▶ [GIVEN MATERIAL]
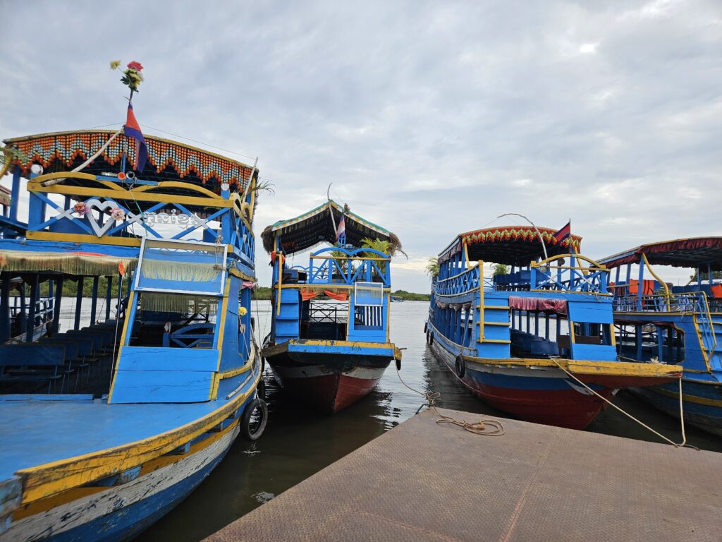 Gestern haben wir eine Sunset-Bootstour auf dem Tonle-Sap-See gebucht – einem der größten und fischreichsten Süßwasserseen in ganz Südostasien. Pünktlich um 14:15 wurden wir vom Hotel abgeholt. Nur etwa 30 km entfernt liegt das Wasserdorf Kampong Phlouk, südöstlich von Siem Reap. Ein halbes Jahr steht dieses Dorf komplett im Wasser, erreichbar nur per Boot. Die Bewohner leben vom Fischfang. In der Trockenzeit – von November bis April – verwandeln sich die Flächen in Reisfelder, und man kann sogar mit dem Auto hinfahren.
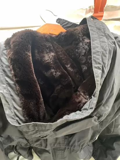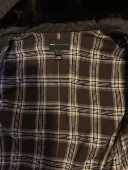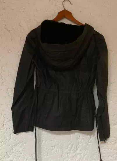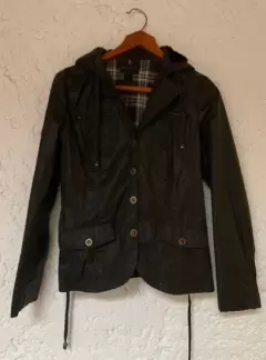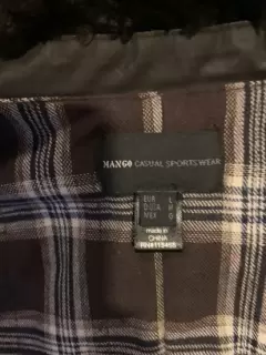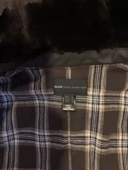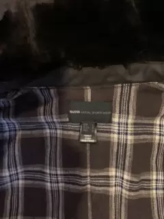 Chamarra café obscuro tipo cazadora marca mango forrada como gorro forro de peluche también café obscuro tela impermeable
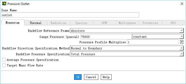Momentum标签页设置Gauge Pressure为75000 Pa
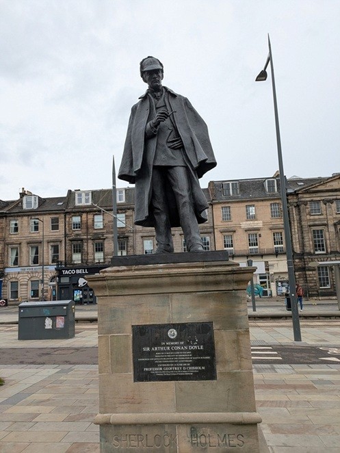 翌朝は宮城氏と11時出発の予定だったので、一人でホテルの周囲を散策。近くの広場に何やら銅像が立っている。近寄ってみたらなんとシャーロック・ホームズだった。びっくりして銘板を見ると「コナン・ドイルはこの近くで生まれた」とあって、二度びっくり。すっかり忘れていたよ。

▶ [EXERCISE DESCRIPTION]
Would you reproduce each line of the material exactly, omitting the images?

▶ [ANSWER TO THE EXERCISE]
 Gestern haben wir eine Sunset-Bootstour auf dem Tonle-Sap-See gebucht – einem der größten und fischreichsten Süßwasserseen in ganz Südostasien. Pünktlich um 14:15 wurden wir vom Hotel abgeholt. Nur etwa 30 km entfernt liegt das Wasserdorf Kampong Phlouk, südöstlich von Siem Reap. Ein halbes Jahr steht dieses Dorf komplett im Wasser, erreichbar nur per Boot. Die Bewohner leben vom Fischfang. In der Trockenzeit – von November bis April – verwandeln sich die Flächen in Reisfelder, und man kann sogar mit dem Auto hinfahren.
 Chamarra café obscuro tipo cazadora marca mango forrada como gorro forro de peluche también café obscuro tela impermeable
Momentum标签页设置Gauge Pressure为75000 Pa
 翌朝は宮城氏と11時出発の予定だったので、一人でホテルの周囲を散策。近くの広場に何やら銅像が立っている。近寄ってみたらなんとシャーロック・ホームズだった。びっくりして銘板を見ると「コナン・ドイルはこの近くで生まれた」とあって、二度びっくり。すっかり忘れていたよ。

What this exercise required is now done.